What the task requires: Here are the records. Write out exactly the lines between the one holding "Bordsnummer av fotbollsevenemang" and the one holding "Pet Collar LED", inclusive.

** Opening Data for processing block **

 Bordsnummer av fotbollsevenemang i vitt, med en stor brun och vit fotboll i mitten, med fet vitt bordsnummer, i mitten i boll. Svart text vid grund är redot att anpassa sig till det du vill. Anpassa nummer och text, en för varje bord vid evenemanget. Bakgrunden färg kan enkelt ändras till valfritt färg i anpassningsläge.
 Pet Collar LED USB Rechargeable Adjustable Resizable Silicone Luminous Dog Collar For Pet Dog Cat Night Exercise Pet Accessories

** Closing Data for processing block **
** Opening Data for processing block **

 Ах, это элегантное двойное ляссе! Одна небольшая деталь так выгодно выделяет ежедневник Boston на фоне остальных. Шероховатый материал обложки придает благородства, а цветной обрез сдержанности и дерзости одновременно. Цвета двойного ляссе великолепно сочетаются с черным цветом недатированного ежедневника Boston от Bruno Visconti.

** Closing Data for processing block **

Task solution:
 Bordsnummer av fotbollsevenemang i vitt, med en stor brun och vit fotboll i mitten, med fet vitt bordsnummer, i mitten i boll. Svart text vid grund är redot att anpassa sig till det du vill. Anpassa nummer och text, en för varje bord vid evenemanget. Bakgrunden färg kan enkelt ändras till valfritt färg i anpassningsläge.
 Pet Collar LED USB Rechargeable Adjustable Resizable Silicone Luminous Dog Collar For Pet Dog Cat Night Exercise Pet Accessories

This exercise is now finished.